Arnoldo Wald — Participou, porque aí depois que caiu o Jango, veio o Castelo Branco. E, com Roberto Campos, ministro na ocasião, com Otávio Gouveia de Bulhões, fizeram a correção monetária quase generalizada. Depois ele realizou-se em todos os pleitos judiciais, foi uma luta para aumentar o leque de aplicação. E depois começaram a haver restrições, só aplicam uma vez por ano, também para não ser um multiplicador da inflação.

ConJur — Como é que o senhor compara o Brasil dessa época com o Brasil atual?
Arnoldo Wald — Eu acho que o Brasil progrediu muito em muitas coisas, mas não progrediu em outras em que deveria ter progredido. Acho que o ensino não melhorou muito, nós proletarizamos o ensino e eu acho que é bom, mas eu algumas vezes digo que deveríamos ter democratizado. O que quer dizer no fundo popularizar, facilitar, dar bolsas de estudo, mas não fazer com que o sujeito, para ter um financiamento, se habilite em uma faculdade e fique lá pagando, sem ir à faculdade e sem controle nenhum. O Fies em um certo momento andou meio atrapalhado. E também acho que se deveria ter dado mais ênfase ao ensino profissional e menos aos títulos de doutor. Eu sou doutor, várias vezes, e fiz questão de ser doutor, mas eu acho que multiplicar doutores só pelo título não adianta nada.

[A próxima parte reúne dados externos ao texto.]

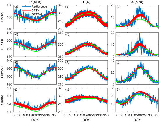 To investigate the models’ accuracies at different times, Figure 10 provides the pressure, temperature, and water vapor pressure from the CPTw model and the GPT2w model in 2017 compared with the radiosonde data at four stations Xuzhou, Hotan, Simao, and Ejin Qi. These four stations are located in the eastern, western, southern, and northern China (see Figure 1). It shows that a better consistency exists between the CPTw pressure and the radiosonde data at the four stations compared to the GPT2w model. The GPT2w model underestimates pressure for most of the time, resulting in overall a positive bias. There is a better agreement between temperature from the CPTw model and the radiosonde temperature compared to the GPT2w model. The water vapor pressure is apparently underestimated by the GPT2w model in summer, while the CPTw water vapor pressure is more consistent with the radiosonde data. In addition, the CPTw model’s curves for meteorological parameters are thicker than the corresponding curves of the GPT2w model. This result means that the CPTw model can capture high-frequency variations of meteorological parameters while the GPT2w model cannot. This is attributed to modeling of diurnal variations. Overall, the results in Figure 10 indicate that the CPTw model has more temporal stability than the GPT2w model for forecasting meteorological parameters.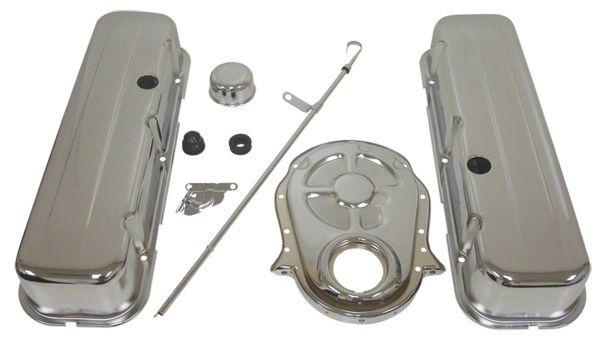 This great looking engine kit from Classic Chevy is the least expensive way to dress up your engine compartment. Includes 1 pair of baffled valve covers, timing chain cover & tab, dipstick & tube, grommets and push-in breather cap.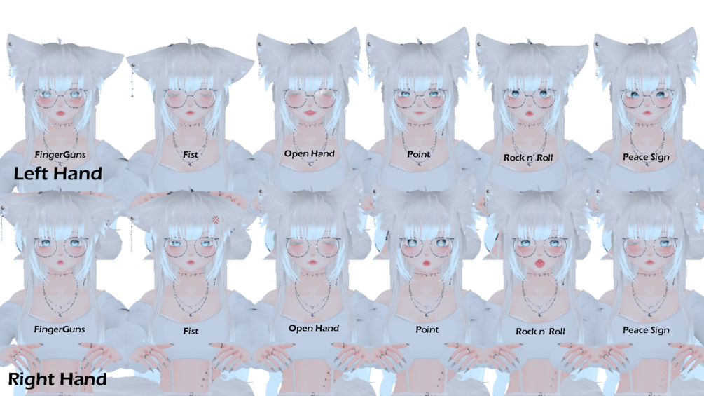 - 12 gestures (both hands different) with ear/tail movements.
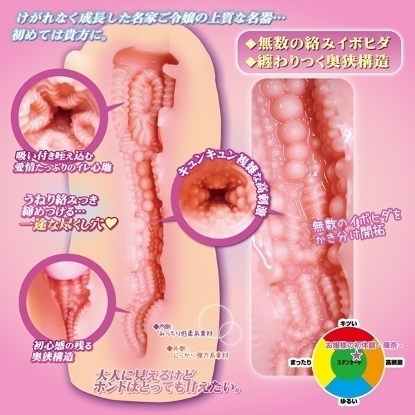 汚れなく成長したお嬢様の名器、初めては貴方に。内側はみっちり低柔軟系素材で外側はしっかり弾力系素材を使用したハイブリッド2層構造。無数に絡みつくイボヒダと纏わりつく奥狭構造。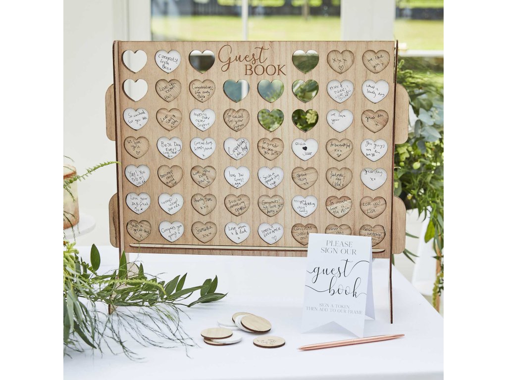 Svatební dřevěná kniha obsahuje 56 srdíček, z nichž 28 je v bílé barvě a 28 v barvě přírodního dřeva. Kniha návštěv lze snadno sestavit se všemi dodanými prvky, jednoduše požádejte hosty, aby podepsali žeton a vložili ho do čtvercového držáku v řadě.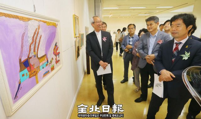 발달장애 청소년 작가들의 작품 전시회가 열린 7일 전북교육문화회관 전시실에서 개막식에 참석한 김승환 교육감(오른쪽 첫 번째)이 작품을 감상하고 있다.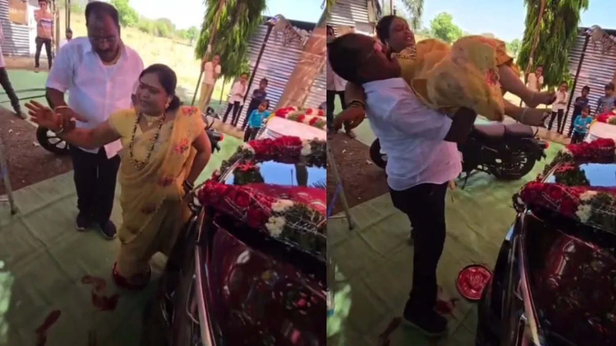 ഭർത്താവ് തൻ്റെ ഭാര്യയുടെ കാലുകൾ കുങ്കുമത്തിൽ മുക്കി ബോണറ്റിൽ വയ്ക്കുന്നതിന് വേണ്ടി ഭാര്യയെ എടുത്തുയർത്തുന്നത് കാണാം. ഭാര്യയായിരിക്കും അദ്ദേഹത്തിൻ്റെ എല്ലാ ഉയർച്ചകൾക്കും ഐശ്വര്യങ്ങൾക്കും കാരണം എന്നാണ് കമൻ്റുകളിൽ ആളുകൾ പ്രതികരിക്കുന്നത്. ഏത് ഡീലർഷിപ്പിലാണ് എന്ന കാര്യത്തിൽ വ്യക്തമായിട്ടില്ല.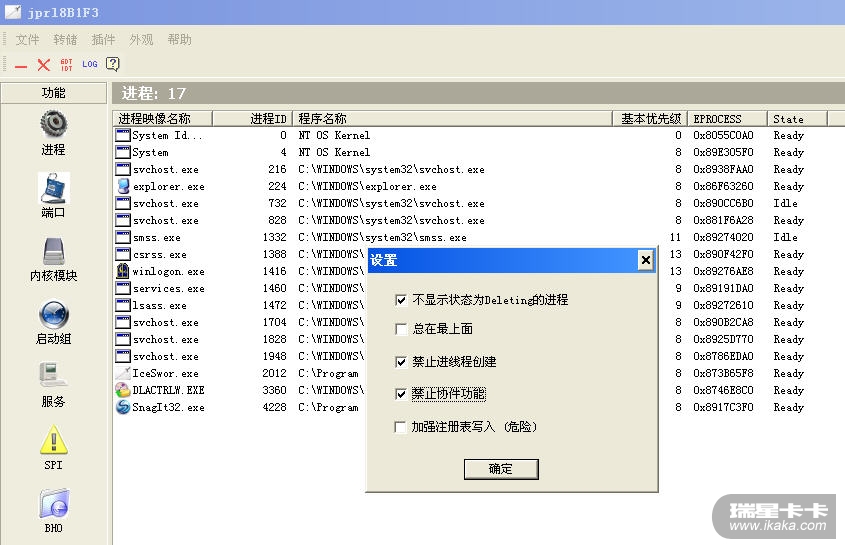 5、取消IceSword的“禁止进程创建”。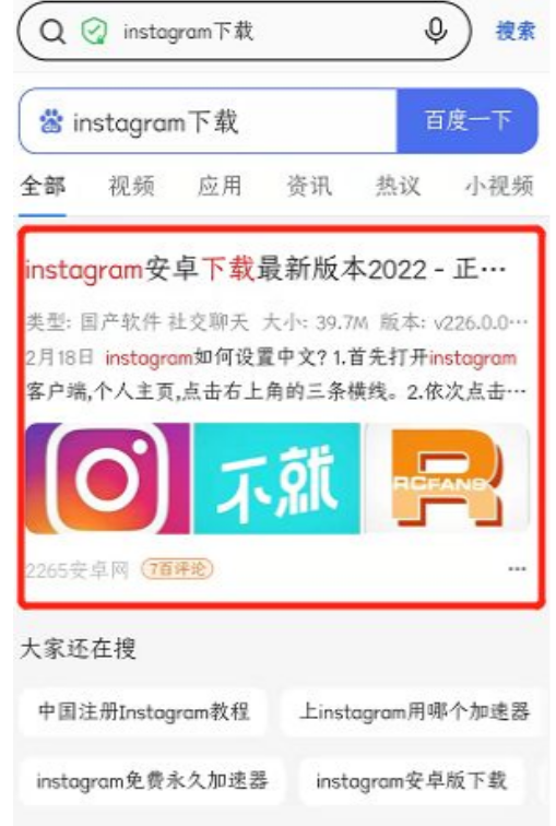 1、打开手机浏览器,点击搜索输入【instagram下载】。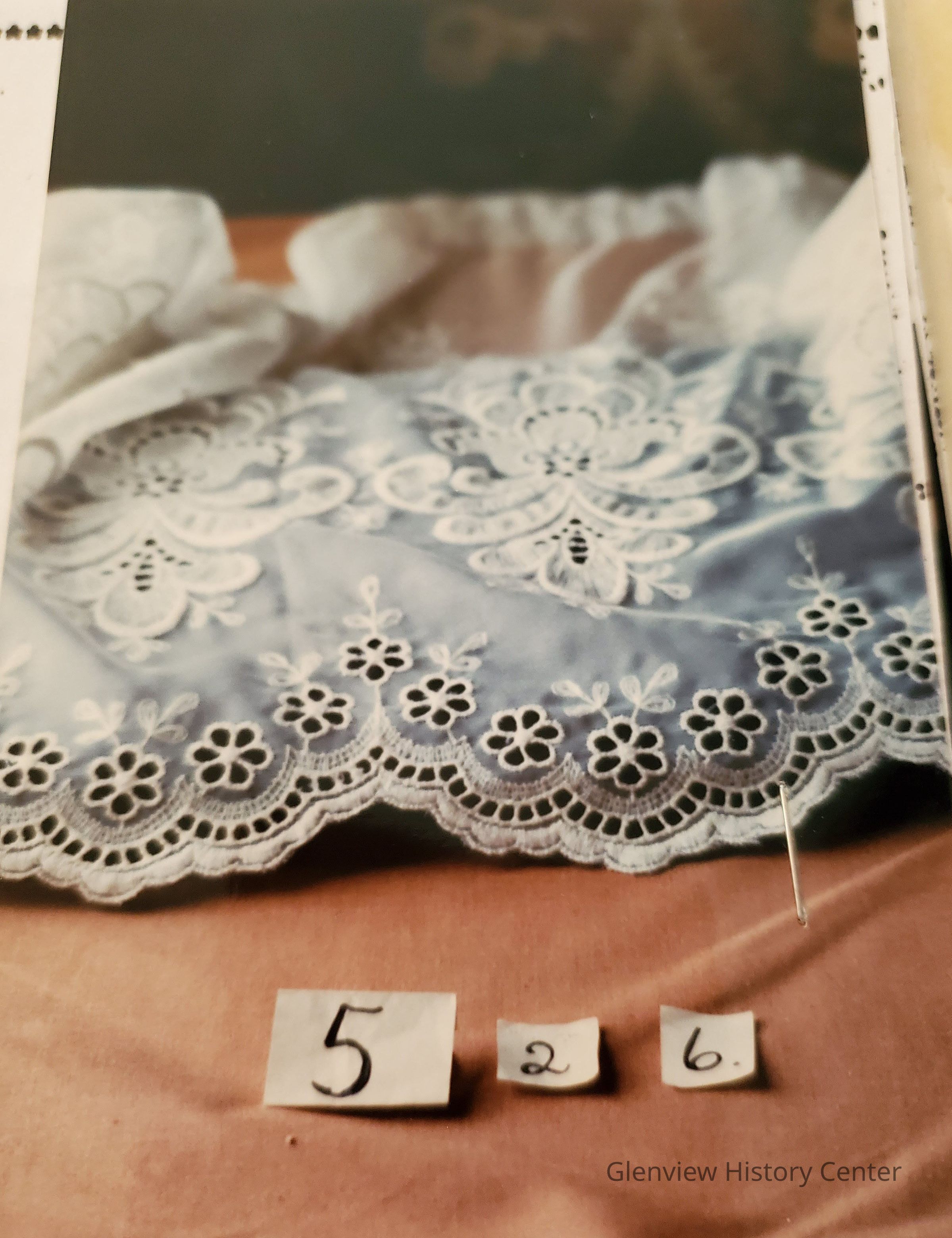 One sheer machine embroidered Iris pattern. Scalloped across bottom.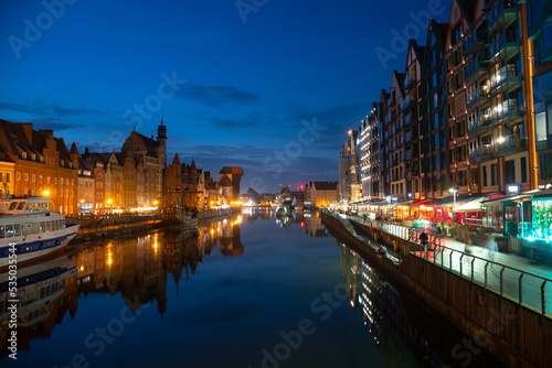 Naklejka premium Scenic summer evening panorama of the architectural embankment pier canal river illumination of the Old Town GDANSK, POLAND
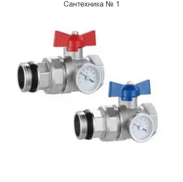 Комплект прямых шаровых кранов с термометрами Rommer 1*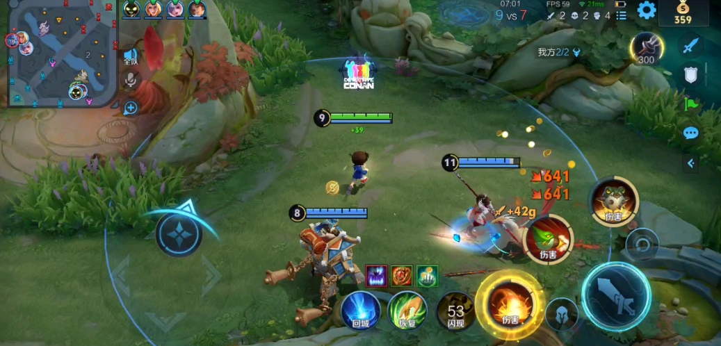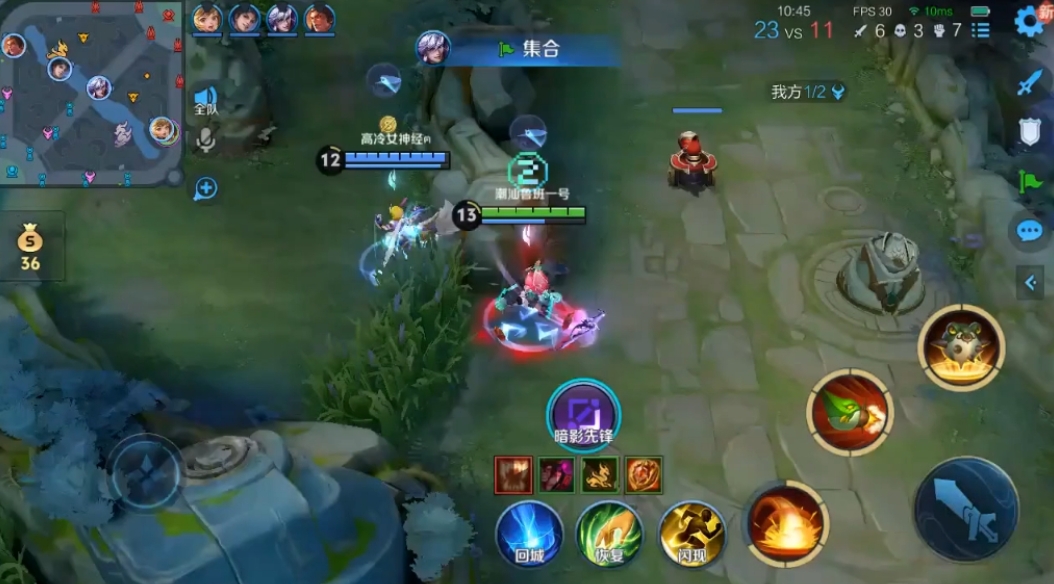 一级对拼时就提前空A四下,然后面对小兵打出扫射,之后接一个一技能和强化普攻就能迅速清掉兵线。一技能是造成伤害和范围减速,范围较大能很好消耗敌人,还能探草丛中的敌人视野,但不能探隐身的敌人。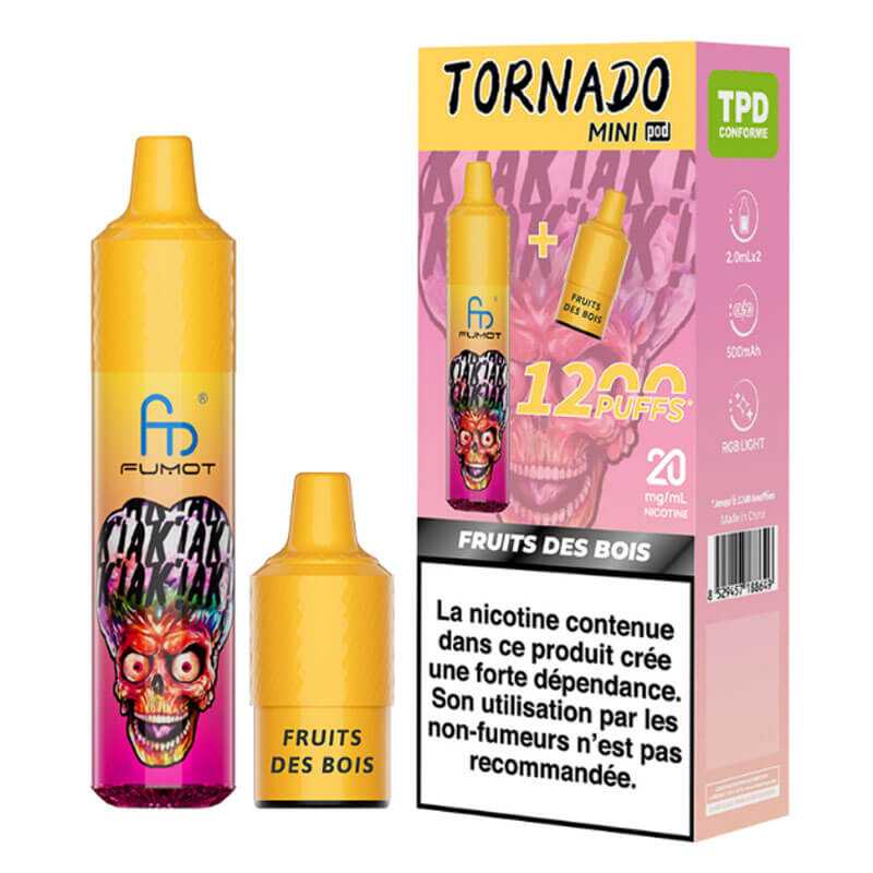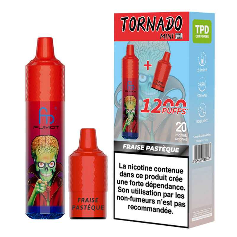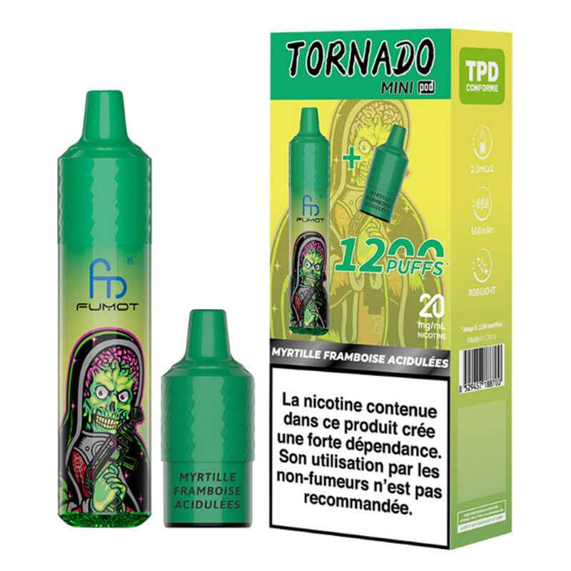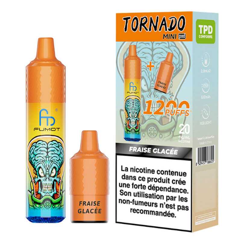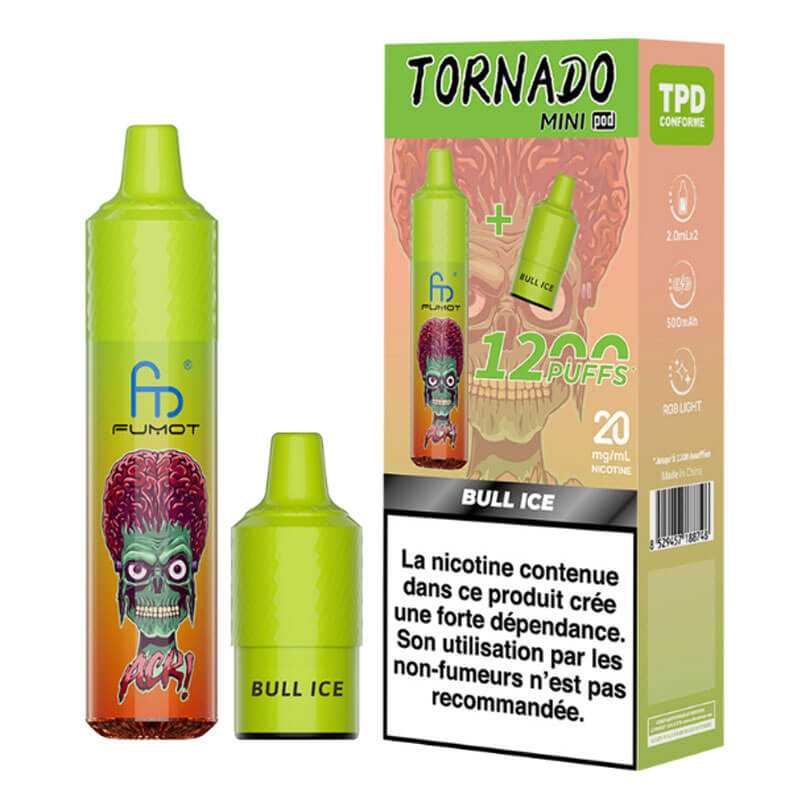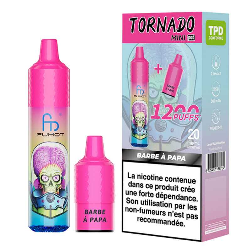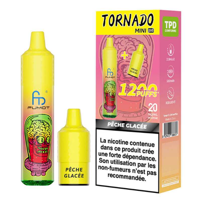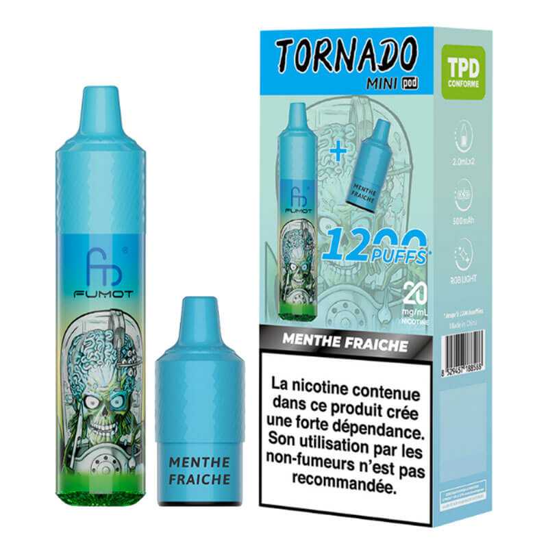 Le Kit Tornado Mini 1200 de Fumot est un dispositif compact avec batterie rechargeable 500mAh. Il inclut 2 pods préremplis de 2ml (20mg sels de nicotine) et permet jusqu’à 1200 bouffées estimées. Activation automatique, sans bouton ni réglage.

ConJur — O senhor participou de todos os grandes projetos, das grandes obras do Brasil nesses… São quantos anos de carreira, professor?
Arnoldo Wald — Sessenta e oito. Se eu falar em setenta, eu não vou mentir, porque eu vou calcular dois anos de estagiário. Mas, do ponto de vista formado mesmo, eu me formei no dia 16 de dezembro de 1964.

ConJur — O senhor atuou em algum momento como jornalista, professor?
Arnoldo Wald — Fui diretor do Correio da Manhã.

ConJur — Diretor do Correio da Manhã? Fazia reportagem, entrevista?
Arnoldo Wald — Não, não. Eu escrevia artigos, mas cheguei a fazer editorial.

ConJur — Como foi o seu caminho no jornalismo?
Arnoldo Wald — Eu estudava em um liceu francês e houve um almoço em homenagem a um professor. Neste almoço, quando acabaram os discursos, houve um coquetel e o diretor do meu colégio em uma certa hora me chamou e disse: “Quero lhe apresentar um dos homens que mandam no Brasil” — e me apresentou ao Dr. Paulo Bittencourt, que era o dono do Correio da Manhã. O diretor disse: “O Arnoldo me fez um trabalho recente sobre literatura, que eu acho que é de interesse para a nova mocidade conhecer”. E o Paulo disse: “Me interessa muito, espere aí um minutinho”, aí chamou o Álvaro Lins, que era o diretor do suplemento literário do Correio da Manhã da época. Disse: “Álvaro, tem aqui um professor que está me apresentando um jovem estudante que está entrando na universidade, escreveu um artigo interessante. Será que você pode publicar?”. Aí ele disse que sim. Aos 16 anos, escrevi meu primeiro artigo para o Correio da Manhã. Nos trinta anos seguintes, mantivemos contato e escrevi numerosos outros artigos, até que numa outra gestão Osvaldo Peralva me convidou para assumir a Diretoria Jurídica do jornal.

Me puseram como diretor do Correio da Manhã na fase mais difícil, em que o jornal estava quase falindo, porque o governo cortava as verbas. Aí inventei O Correio Econômico, que é um antepassado remoto do Valor.